Opowiadanie Jarosława Iwaszkiewicza uchodzi całkiem słusznie za arcydzieło krótkiej prozatorskiej formy. A z arcydziełami – wiadomo to nie od wczoraj – zawsze trzeba uważać. Warto przenosić je na ekran lub scenę tylko wtedy, gdy ma się ku temu ważny powód.

Andrzej Wajda miał i zrobił film niemal dorównujący pierwowzorowi. Tomasz Konina też miał. Opolski Teatr Kochanowskiego może pochwalić się jednym z najlepszych i najbardziej wyrównanych zespołów aktorskich w kraju. Takim zespołem można grać i Czechowa, i Wyspiańskiego. Iwaszkiewicza też – „Panny z Wilka” dają sześciu wykonawczyniom tytułowych ról partie nie do pogardzenia. Można sportretować w nich różne barwy kobiecości, poszukać źródeł rozczarowania, przejrzeć się w lustrze kompleksów wieku, skonfrontować sceniczne postaci z ich zawiedzionymi nadziejami.

Tak dzieje się na opolskiej scenie, bowiem Judyta Paradzińska, Aleksandra Cwen, Grażyna Misiorowska, Beata Wnęk-Malec, Grażyna Kopeć i Arleta Los-Pławszewska wykorzystują zapisane w tekście szanse. Wszystkie są piękne, ale ich uroda nie mieści się w oczywistych kanonach. I wszystkie w jakiś sposób złamane, dotknięte, naznaczone. Kobiety na skraju załamania nerwowego – powiedzmy w uproszczeniu. Najciekawiej wypada Jola Paradzińskiej. Z wysiłkiem próbuje poskromić własny temperament, pod zbyt nerwowym śmiechem skrywa rozpacz. Świetna rola.
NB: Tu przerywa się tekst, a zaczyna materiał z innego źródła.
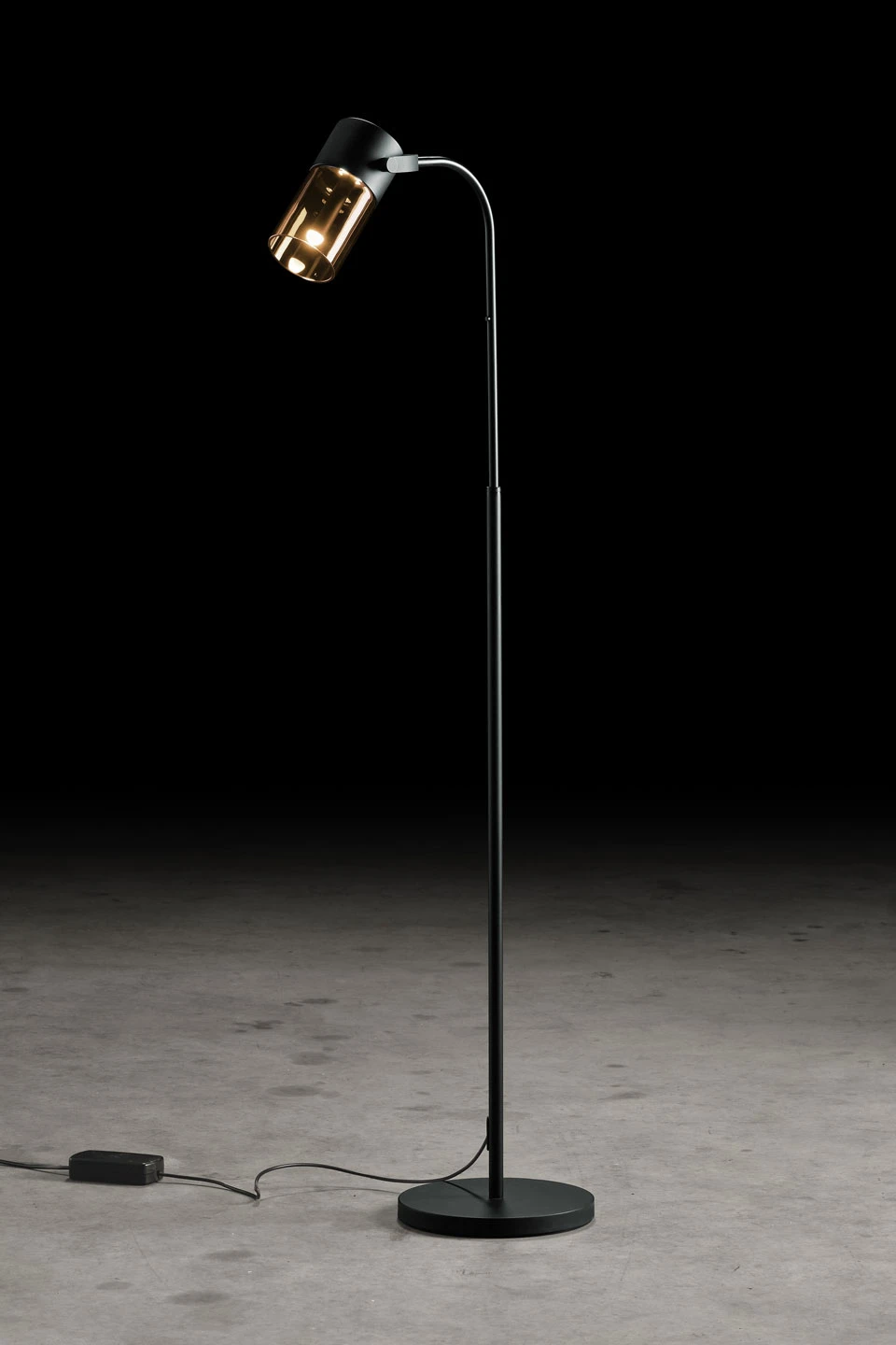 Une variété de combinaisons de finitions avec l’élégante collection au design contemporain Aura, ici le lampadaire-liseuse en métal finition noire mate, diffuseur en verre soufflé Cognac et éclairage LED intégré. La tête de lampe est composée d’un diffuseur en cylindre de verre couleur cognac monté sur un cadran permettant d’orienter la lumière, fixé sur un socle rond et un pied en L inversé télescopique, le tout en métal avec une superbe finition noire mate. Sobre et épuré, ce modèle est équipé d’un variateur à pied sur le cordon électrique du luminaire, qui permet d’adapter la température de couleur de la lumière en fonction de l’usage, de 1800K pour une lumière d’ambiance à 2900K pour éclairer un travail de précision. Fondée en 1964 et marquée par son dévouement à la qualité, la maison familiale Holtkotter est une des dernières entreprises allemandes à manufacturer ses luminaires de A à Z, du métal brut au produit fini, avec une recherche permanente d’intégration des innovations technologiques sans jamais renoncer à la qualité de ses luminaires.

Spektakl Koniny to coś więcej niż sześć kobiecych portretów splecionych w jedną opowieść. Wiktor Ruben (Andrzej Jakubczyk) przybywa do Wilka i nie poznaje tego miejsca oraz jego mieszkanek. Próbuje przywoływać w sobie dawne uczucia, na nowo zachwycić się przeszłością, odbudować w sobie i otaczających go kobietach młodość. Wszystko na nic, bo młodość minęła, Wilko nie jest już dawnym Wilkiem. W ten sposób opolskie przedstawienie staje się gorzką opowieścią o gaśnięciu ludzi i świata. I o tym, że nie da się go odwrócić – nic nie można zrobić. Konina opowiada o tym seriami zapadających w pamięć pastelowych obrazów, udowadniając, że prozę Iwaszkiewicza (a może jednak poezję…) da się przełożyć na język teatru. To bardzo dużo. Gdyby tylko Andrzej Jakubczyk, aktor przecież znakomity, nieco mniej się uśmiechał, bo właśnie tak pokazuje swój zachwyt pannami z Wilka i stosunek do własnych wspomnień.
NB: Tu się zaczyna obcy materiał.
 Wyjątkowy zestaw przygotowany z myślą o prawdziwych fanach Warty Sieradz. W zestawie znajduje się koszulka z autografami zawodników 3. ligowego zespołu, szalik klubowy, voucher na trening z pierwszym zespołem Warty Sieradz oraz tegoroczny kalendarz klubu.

Spektakl Koniny jest pierwszą sceniczną adaptacją opowiadania, ale reżyser postanowił sięgnąć głębiej. Łączy więc „Panny z Wilka” z „Serenite” i „Przyjaciółmi” Iwaszkiewicza, dopisując tym samym dalszy ciąg losów Wiktora. Po części zabieg ten się sprawdza, bo ukazuje życie po życiu bohatera „Panien…” i sytuuje go wobec kanonów sztuki i piękna. Gorzej, gdy chodzi o efekty sceniczne, bowiem w Koninie odzywa się inscenizator operowy. Mamy więc coś w rodzaju baletu, dotąd dyskretna muzyka Radosława Wociala staje się zbyt bombastyczna i gadatliwa. Do tego jeszcze kilka monumentalnych w zamyśle, a jednak tylko pretensjonalnych. Opolskie „Panny z Wilka” dowodzą, że teatr powinien czasem bać się własnej urody.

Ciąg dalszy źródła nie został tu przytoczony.